Hello everyone. During the Web Scraping process, I began to encounter some errors that occur during the requisition process. I have now identified 4 most common types of errors:
Error in curl::curl_fetch_memory(url, handle = handle) :
Timeout was reached: Recv failure: Connection was reset
Error: Can only save length 1 node sets
Error in curl::curl_fetch_memory(url, handle = handle) :
Could not resolve host: www.tcm.ba.gov.br
Error in curl::curl_fetch_memory(url, handle = handle) :
Timeout was reached: Operation timed out after 20000 milliseconds with 0 bytes received
The latter is intentionally caused by the timeout (20) function, which is intended to check if a request is taking more than 20 seconds to complete, which may be an indication of an error during the request.

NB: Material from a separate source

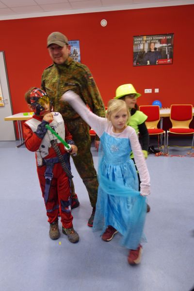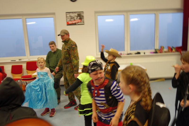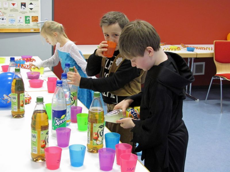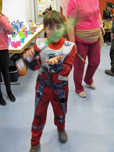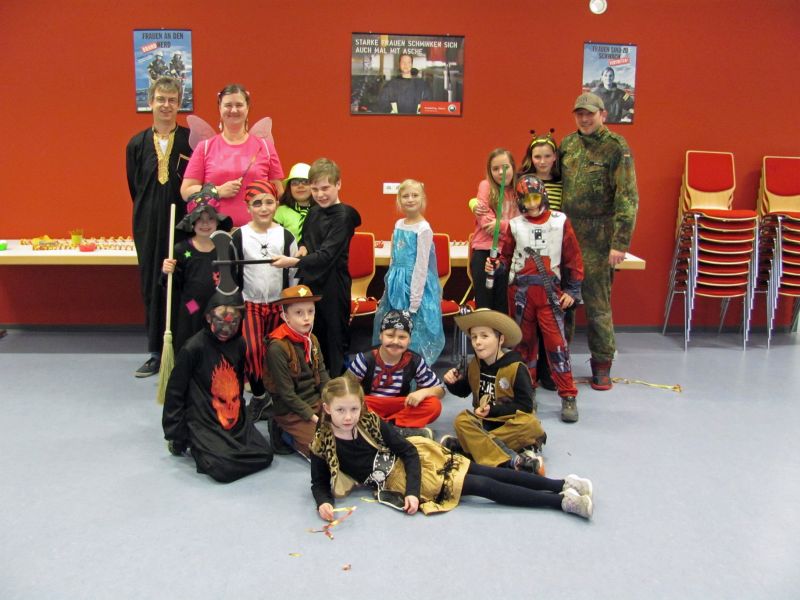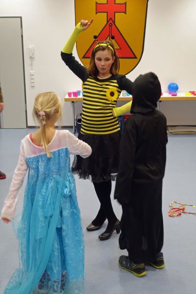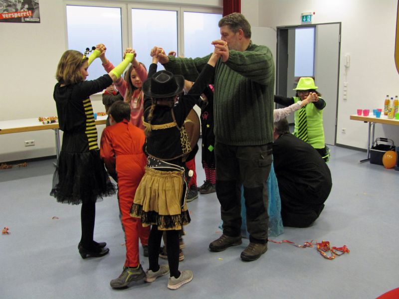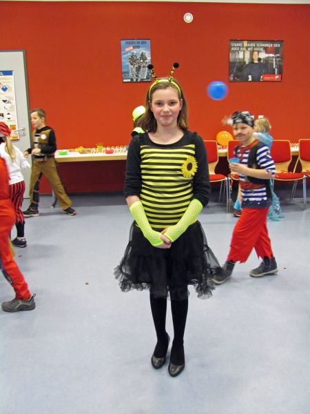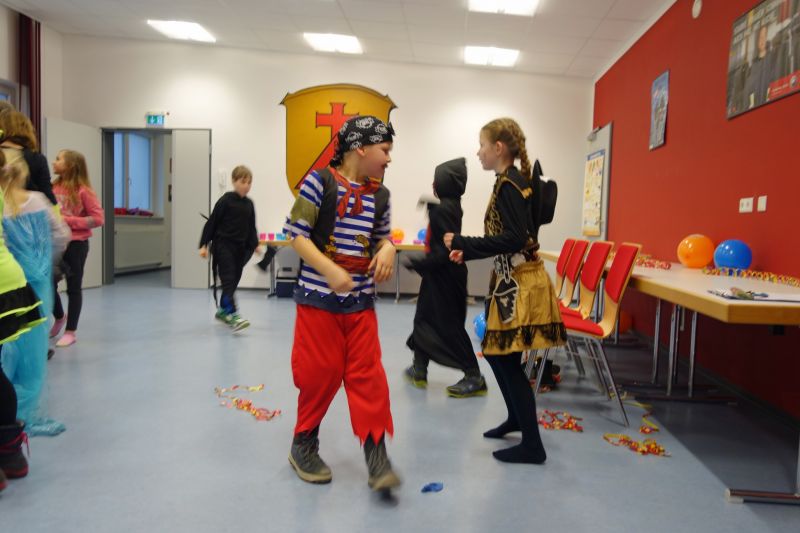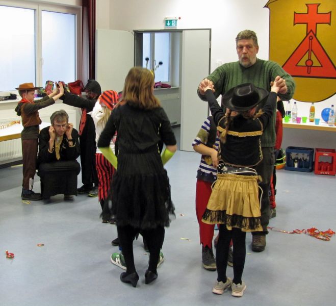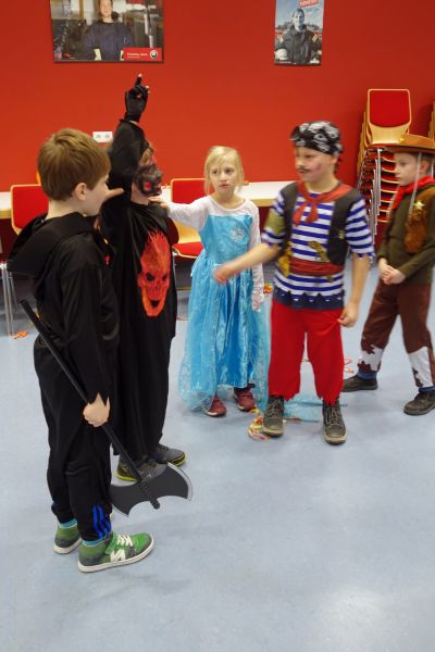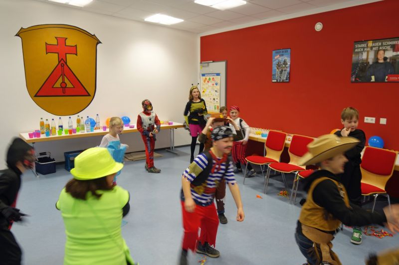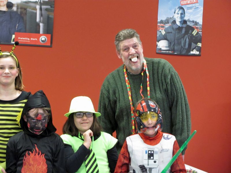 Am Faschingsfreitag versammelten sich schießwütige Cowboys, gefährliche Piraten, furchteinflössende Dämonen, eine fesche Hexe, eine feine Dame, eine vornehme Biene, ein Laserschwert-Kämpfer und eine Eisprinzessin um die Feuervögel-Betreuer, die diesmal auch ein wenig anders aussahen als sonst. Die wilde Meute stürzte sich mit Feuereifer auf die Süßigkeiten und Knabbersachen und in fröhliche Spiele mit viel Bewegung. Im Nu war die Stunde um, und vom wilden Treiben zeugten nur noch ein paar leere Schüsselchen und zerfetzte Luftschlangenreste.

The question is : How to develop a script / function in R (like trycatch) to do the following routine:
- > If, during the scraping process, an error occurs (such as one of the 4 above), repeat the same request after 60 seconds, no more than 3 attempts. After 3 attempts, skip to the next "i" in the loop. If it also returns error, return print ("Consecutive errors during Web Scraping").
(Plus): - > It would be VERY TOP if, instead of the print suggested in the last step above, the script sent a warning via email or telegram to the "Web Scraping Administrator" (in this case, I), informing that the script had to be interrupted. / p>
NOTE: Consider that the request function (httr :: GET) is inside a for loop, as in the simplified example below:
for (i in link) { httr::GET(i, timeout(20))}
NOTE: As I am not in the IT area, I am having a hard time understanding how the error handling part in R works, and therefore how to use the trycatch function.
Thanks in advance for your help.